3) If a physician does end up sending a patient an e-mail, double check the recipients’ e-mail address before clicking the send button. This is to prevent the e-mail from being sent to the wrong person, therefore sharing private information to an unintended party. Good advice also in the non-healthcare world.
4) Add any e-mail a patient sends (and any response) to the patient's chart.
5) In the HITECH Act code 170.210 section B states that the date, time, patient identification and user identification must be recorded when electronic health information is created, modified, deleted, or printed; and an indication of which actions occurred must also be recorded. This means if you send an email to a patient with protected health information – and delete it – you will need a record of what was deleted and when.
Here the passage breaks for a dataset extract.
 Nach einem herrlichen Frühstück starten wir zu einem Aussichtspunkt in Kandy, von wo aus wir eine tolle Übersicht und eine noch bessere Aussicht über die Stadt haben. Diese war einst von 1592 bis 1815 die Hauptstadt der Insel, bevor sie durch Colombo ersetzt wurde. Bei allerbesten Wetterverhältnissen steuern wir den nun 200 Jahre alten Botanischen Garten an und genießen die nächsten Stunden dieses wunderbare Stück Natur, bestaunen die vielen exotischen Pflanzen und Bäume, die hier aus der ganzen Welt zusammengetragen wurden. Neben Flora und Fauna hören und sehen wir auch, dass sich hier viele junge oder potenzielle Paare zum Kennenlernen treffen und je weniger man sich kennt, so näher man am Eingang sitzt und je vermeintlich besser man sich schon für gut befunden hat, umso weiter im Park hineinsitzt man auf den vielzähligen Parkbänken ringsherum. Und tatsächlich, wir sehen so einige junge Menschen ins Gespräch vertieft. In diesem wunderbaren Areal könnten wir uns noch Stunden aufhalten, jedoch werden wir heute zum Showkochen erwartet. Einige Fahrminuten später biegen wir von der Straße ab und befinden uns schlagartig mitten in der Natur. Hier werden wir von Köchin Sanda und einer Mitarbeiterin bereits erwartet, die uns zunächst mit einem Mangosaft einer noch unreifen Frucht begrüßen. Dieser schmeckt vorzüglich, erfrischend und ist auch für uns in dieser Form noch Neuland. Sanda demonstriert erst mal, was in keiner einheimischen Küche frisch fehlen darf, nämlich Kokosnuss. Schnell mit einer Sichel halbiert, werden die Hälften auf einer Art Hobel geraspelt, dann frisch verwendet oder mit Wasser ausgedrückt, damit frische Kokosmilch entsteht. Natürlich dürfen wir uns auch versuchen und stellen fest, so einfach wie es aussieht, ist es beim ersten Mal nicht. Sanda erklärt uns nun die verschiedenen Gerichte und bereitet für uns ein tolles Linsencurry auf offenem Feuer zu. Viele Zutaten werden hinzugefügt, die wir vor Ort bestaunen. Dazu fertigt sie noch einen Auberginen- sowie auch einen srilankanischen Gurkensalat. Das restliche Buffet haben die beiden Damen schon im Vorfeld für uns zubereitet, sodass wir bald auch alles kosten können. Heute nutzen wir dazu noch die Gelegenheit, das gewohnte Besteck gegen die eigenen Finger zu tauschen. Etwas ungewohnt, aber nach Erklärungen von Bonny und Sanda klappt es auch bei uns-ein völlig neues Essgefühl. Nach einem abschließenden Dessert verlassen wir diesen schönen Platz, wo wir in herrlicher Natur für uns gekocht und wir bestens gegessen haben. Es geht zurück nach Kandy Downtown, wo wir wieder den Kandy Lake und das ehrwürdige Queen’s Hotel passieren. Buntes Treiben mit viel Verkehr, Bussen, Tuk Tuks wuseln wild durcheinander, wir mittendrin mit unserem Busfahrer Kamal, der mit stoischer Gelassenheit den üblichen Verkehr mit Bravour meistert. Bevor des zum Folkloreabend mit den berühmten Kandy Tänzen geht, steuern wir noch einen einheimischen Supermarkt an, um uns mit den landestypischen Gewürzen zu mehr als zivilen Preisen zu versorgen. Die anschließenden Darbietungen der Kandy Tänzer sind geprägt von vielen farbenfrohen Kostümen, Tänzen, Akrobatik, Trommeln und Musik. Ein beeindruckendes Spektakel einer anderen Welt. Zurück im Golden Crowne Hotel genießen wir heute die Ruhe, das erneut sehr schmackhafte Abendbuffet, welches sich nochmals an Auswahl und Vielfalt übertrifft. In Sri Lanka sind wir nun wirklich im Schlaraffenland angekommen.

This is not dissimilar to crossing out a line in a paper medical record- updating the record – with a date of the update.
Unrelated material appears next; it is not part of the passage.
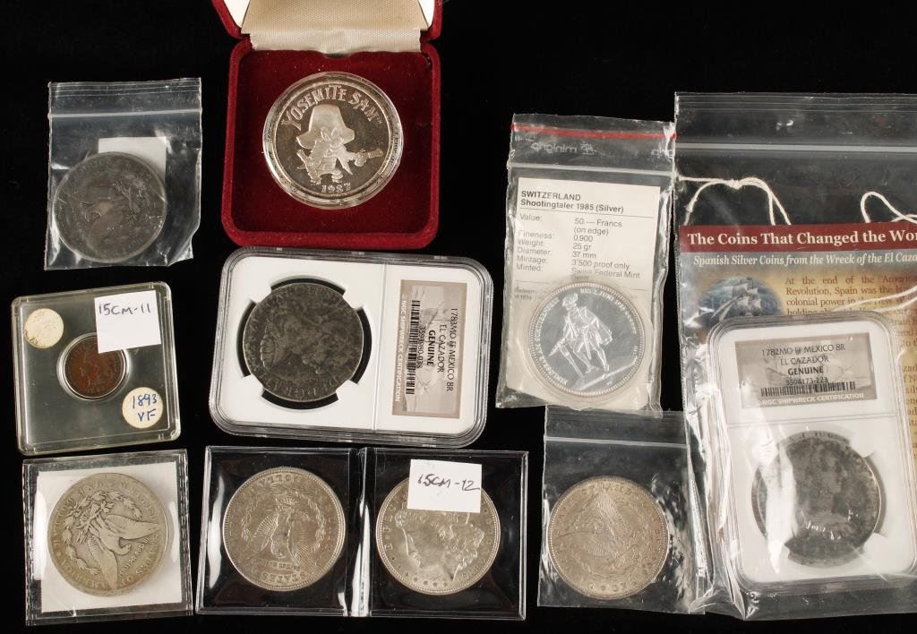 Lot of 5 ungraded Morgan Silver Dollars, an ungraded Indian Head penny, a commemorative Swiss silver coin, a troy oz 1987 Yosemite Sam commemorative coin and two silver 8 Reals, each in an NGC slab. The Morgans are dated 1885-S, 1886-S, 1880-S, 1921 and 1921-D; the Indian Head penny is dated 1893 and the 8 Reals are dated 1782 and 1783 and certified by NGC as from the shipwreck El Cazador (lost Jan. 1784). Est.: $250-$500.

6) Since communicating with patients via e-mail is becoming stricter, more physician offices and hospitals are using portals as a means of communication. This allows the patient to sign in with a secure username and password to view their records and communicate with their physicians. The security rule allows for Electronic Protected Heath Information (e-PHI) to be sent over an electronics open network, as long as it is adequately protected. Of course, this is more complicated than using Outlook or gmail.
The HITECH Act has ushered in a new era of technology requirements and standards that must be met by physicians. Given HHS's recent enforcement efforts, physicians should use caution when electronically communicating with patients. By working within the boundaries of the six points above, physicians should comply with the HITECH Act.